Osteoporosis is a bone weakening disease that develops gradually and makes bones fragile.This condition especially affects women as they begin to lose bone density after the age of 30.Though one may be unable to do anything about factors such as genes or menopause which predisposes one to fragile bones, one may change the lifestyle to improve strength and density of the bones.Consider these factors:
- Maintain a healthy body weight as it reduces the risk of Osteoporosis
- Regular exercise and adequate nourishment is essential
- Avoid caffeine, alcohol and smoking
In addition to all this, one must ensure adequate calcium intake.Also the right kind of exercise improves calcium absorption in the bones.There are two types of exercise that helps strengthen bones weight bearing and resistance training exercises.Weight bearing exercises are those in which the bones and muscles work against gravity, like walking, jogging, dancing, tennis, golf and soccer.Resistance training exercises on the other hand use resistance to strengthen the bones and muscles.

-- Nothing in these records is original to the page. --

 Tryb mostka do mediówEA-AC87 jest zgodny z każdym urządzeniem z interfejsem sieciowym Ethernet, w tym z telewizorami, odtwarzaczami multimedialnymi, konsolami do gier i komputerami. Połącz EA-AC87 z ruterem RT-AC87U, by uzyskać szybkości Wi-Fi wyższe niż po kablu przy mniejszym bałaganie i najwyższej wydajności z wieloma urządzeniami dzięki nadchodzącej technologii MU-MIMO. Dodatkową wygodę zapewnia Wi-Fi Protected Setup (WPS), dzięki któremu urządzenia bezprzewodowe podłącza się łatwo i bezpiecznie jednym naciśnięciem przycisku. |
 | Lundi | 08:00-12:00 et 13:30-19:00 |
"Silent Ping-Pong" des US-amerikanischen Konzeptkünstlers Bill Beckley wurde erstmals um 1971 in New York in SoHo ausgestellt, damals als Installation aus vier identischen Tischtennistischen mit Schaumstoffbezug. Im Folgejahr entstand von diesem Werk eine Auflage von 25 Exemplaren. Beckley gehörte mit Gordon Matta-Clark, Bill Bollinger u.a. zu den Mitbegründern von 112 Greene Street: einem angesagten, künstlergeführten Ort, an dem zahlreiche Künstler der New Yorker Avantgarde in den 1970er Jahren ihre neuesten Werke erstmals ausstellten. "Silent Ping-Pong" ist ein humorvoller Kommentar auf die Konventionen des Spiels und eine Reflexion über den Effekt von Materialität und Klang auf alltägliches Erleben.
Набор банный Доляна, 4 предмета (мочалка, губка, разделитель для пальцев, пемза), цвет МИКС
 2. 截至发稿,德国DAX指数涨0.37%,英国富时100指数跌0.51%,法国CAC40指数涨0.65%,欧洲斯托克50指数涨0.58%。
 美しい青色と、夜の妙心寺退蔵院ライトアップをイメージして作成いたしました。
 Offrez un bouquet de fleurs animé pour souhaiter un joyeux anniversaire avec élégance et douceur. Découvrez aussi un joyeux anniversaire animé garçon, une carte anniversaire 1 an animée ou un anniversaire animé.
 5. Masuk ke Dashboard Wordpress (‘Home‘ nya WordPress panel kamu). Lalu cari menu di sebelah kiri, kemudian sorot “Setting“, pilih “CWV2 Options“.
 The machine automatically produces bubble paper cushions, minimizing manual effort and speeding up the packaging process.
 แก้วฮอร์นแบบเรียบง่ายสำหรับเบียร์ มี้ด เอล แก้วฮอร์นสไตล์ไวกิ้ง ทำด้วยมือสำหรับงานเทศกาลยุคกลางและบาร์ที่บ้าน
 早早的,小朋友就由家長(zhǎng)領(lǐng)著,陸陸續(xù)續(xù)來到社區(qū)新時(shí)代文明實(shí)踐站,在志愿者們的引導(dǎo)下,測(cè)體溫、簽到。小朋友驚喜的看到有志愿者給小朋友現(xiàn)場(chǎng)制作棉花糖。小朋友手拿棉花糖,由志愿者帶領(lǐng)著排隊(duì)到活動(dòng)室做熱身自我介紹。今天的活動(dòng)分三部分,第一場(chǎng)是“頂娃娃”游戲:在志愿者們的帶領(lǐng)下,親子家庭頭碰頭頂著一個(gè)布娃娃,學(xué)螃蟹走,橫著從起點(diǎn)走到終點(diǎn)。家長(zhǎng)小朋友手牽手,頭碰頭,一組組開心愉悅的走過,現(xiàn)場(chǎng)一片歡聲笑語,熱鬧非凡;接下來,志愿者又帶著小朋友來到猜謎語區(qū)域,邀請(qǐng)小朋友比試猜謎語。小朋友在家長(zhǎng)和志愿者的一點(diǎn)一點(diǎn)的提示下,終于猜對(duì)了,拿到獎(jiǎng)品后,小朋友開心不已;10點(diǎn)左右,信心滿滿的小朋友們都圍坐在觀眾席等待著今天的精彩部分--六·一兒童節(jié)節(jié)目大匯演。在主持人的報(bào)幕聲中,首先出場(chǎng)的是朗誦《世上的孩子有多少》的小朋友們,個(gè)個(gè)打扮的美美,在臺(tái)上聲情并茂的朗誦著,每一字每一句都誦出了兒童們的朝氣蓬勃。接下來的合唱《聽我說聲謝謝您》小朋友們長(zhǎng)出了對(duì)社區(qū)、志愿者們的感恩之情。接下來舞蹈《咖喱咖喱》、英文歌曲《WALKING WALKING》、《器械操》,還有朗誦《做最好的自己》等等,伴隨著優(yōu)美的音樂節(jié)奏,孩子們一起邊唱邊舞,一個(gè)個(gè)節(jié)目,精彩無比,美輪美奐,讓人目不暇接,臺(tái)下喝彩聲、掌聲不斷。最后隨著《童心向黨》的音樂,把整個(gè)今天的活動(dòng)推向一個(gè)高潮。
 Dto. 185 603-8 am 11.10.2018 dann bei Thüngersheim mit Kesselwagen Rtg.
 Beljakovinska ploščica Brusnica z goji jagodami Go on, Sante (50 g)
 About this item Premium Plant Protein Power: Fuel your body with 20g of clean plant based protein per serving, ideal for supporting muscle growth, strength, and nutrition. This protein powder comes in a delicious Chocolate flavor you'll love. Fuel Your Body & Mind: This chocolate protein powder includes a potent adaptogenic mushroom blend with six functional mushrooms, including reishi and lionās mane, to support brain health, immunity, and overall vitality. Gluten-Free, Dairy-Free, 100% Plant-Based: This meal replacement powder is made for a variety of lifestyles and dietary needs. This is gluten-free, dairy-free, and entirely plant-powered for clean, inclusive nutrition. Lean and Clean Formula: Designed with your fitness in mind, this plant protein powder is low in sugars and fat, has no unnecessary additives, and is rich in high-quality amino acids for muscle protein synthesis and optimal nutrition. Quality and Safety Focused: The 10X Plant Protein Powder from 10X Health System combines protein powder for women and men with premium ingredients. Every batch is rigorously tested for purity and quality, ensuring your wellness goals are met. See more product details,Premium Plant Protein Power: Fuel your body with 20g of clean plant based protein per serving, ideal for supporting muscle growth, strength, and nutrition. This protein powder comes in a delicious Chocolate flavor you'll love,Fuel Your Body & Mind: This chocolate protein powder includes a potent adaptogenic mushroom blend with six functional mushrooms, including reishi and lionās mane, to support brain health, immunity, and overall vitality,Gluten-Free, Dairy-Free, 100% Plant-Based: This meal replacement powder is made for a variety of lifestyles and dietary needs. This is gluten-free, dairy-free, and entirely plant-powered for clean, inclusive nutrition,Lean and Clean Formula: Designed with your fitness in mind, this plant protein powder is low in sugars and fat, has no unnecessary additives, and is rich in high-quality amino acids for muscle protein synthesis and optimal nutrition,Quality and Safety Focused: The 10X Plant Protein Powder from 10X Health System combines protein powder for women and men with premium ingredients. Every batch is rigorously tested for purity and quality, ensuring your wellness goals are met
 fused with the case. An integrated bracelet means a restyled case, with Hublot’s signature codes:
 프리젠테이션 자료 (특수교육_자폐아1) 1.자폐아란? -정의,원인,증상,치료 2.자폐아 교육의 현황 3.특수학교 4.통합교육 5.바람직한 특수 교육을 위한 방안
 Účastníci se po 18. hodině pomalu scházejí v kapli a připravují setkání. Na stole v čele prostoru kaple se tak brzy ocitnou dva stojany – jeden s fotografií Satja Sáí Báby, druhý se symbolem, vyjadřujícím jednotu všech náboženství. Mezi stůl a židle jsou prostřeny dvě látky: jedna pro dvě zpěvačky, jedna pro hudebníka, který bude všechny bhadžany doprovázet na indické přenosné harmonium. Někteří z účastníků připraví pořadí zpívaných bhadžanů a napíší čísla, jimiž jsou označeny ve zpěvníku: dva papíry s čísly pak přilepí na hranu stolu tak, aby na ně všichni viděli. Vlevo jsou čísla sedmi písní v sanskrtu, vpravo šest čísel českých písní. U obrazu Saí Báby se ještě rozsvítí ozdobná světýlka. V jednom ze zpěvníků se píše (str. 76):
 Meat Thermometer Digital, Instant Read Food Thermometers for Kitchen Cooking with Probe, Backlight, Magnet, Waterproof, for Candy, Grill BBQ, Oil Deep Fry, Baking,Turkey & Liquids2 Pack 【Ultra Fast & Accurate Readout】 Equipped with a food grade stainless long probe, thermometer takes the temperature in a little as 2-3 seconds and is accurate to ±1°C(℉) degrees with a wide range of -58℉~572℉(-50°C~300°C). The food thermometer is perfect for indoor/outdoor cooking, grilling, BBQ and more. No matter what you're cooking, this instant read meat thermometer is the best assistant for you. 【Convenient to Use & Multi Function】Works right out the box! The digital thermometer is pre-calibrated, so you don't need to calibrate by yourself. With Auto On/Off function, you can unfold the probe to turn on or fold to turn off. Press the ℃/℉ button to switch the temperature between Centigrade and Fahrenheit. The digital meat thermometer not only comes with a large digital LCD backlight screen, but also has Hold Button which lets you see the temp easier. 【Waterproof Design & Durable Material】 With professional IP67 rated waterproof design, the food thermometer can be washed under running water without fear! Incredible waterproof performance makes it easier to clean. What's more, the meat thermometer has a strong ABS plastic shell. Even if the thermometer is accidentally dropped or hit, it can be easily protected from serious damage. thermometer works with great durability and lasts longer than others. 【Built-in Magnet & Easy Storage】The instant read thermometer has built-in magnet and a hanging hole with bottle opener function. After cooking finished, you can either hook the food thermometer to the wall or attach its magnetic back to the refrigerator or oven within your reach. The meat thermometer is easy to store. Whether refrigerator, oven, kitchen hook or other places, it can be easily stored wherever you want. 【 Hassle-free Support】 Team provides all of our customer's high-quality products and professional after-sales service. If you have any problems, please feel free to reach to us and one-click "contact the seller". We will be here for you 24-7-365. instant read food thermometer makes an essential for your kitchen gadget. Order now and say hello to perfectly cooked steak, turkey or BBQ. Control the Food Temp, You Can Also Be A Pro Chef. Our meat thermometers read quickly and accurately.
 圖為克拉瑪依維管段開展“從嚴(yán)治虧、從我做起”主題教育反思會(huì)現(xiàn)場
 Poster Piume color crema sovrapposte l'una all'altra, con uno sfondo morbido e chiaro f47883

While some may say that you can never know when your bones gain strength, it is not true.Though not visible, one can feel the strength in the bones while playing a game.Also people say weight bearing exercises are for those who are fit and athletic.But reality is that weight bearing exercise are for all fitness levels and ages.
Food for the bones:
As per research many women consume less than half the amount of calcium required for maintaining healthy bones.An appropriate calcium intake falls between 1000 and 1200 mg per day.Calcium rich foods include milk, yougurt, orange juice, cheese, sardines, oysters, green vegetables, beans and broccoli.
- Vitamin D is required to absorb calcium.The daily recommended intake is 1000 mg.Foods containing vitamin D are milk, egg yolk, tuna and salmon.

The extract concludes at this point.